:: What you have to do ::
Write out the following listing's lines from the one with "As notas de" to the one with "看!大班的孩子们声情并茂、绘", exactly, with both included and no others.

(Records provided Opens)

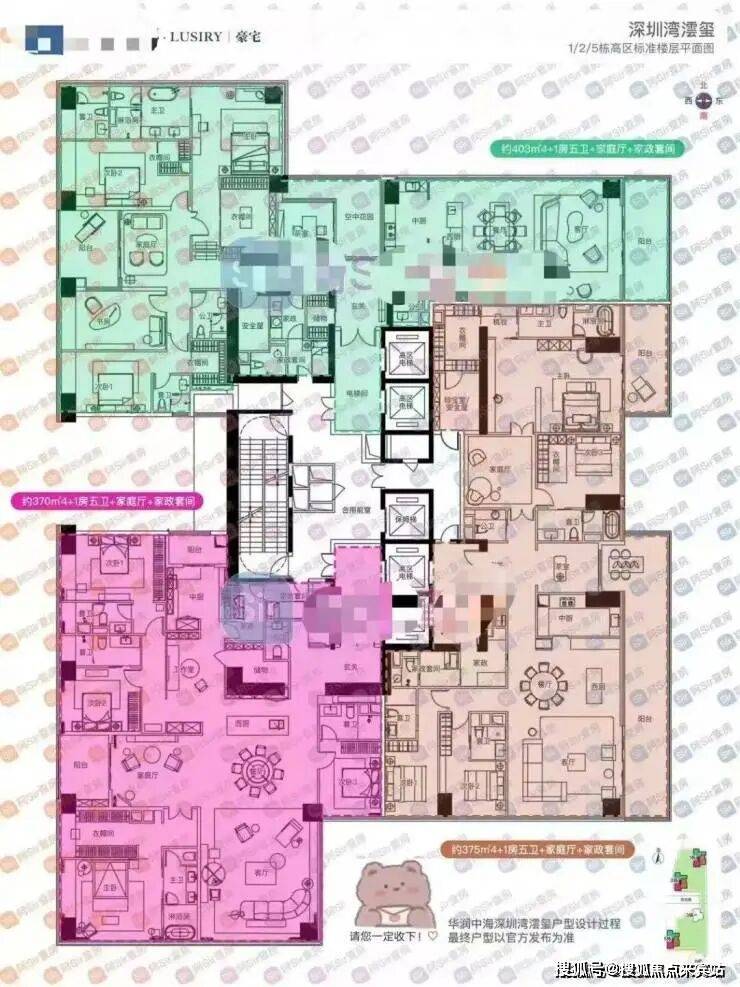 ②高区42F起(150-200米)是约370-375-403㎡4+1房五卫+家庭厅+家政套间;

(Records provided Closes)
(Records provided Opens)

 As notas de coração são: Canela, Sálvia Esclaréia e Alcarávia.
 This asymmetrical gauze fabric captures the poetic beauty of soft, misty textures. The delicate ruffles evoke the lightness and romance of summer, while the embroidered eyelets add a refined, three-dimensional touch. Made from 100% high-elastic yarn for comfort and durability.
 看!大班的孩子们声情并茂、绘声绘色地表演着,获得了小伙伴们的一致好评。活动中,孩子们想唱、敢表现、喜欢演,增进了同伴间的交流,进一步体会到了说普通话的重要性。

(Records provided Closes)

:: Written answer ::
 As notas de coração são: Canela, Sálvia Esclaréia e Alcarávia.
 This asymmetrical gauze fabric captures the poetic beauty of soft, misty textures. The delicate ruffles evoke the lightness and romance of summer, while the embroidered eyelets add a refined, three-dimensional touch. Made from 100% high-elastic yarn for comfort and durability.
 看!大班的孩子们声情并茂、绘声绘色地表演着,获得了小伙伴们的一致好评。活动中,孩子们想唱、敢表现、喜欢演,增进了同伴间的交流,进一步体会到了说普通话的重要性。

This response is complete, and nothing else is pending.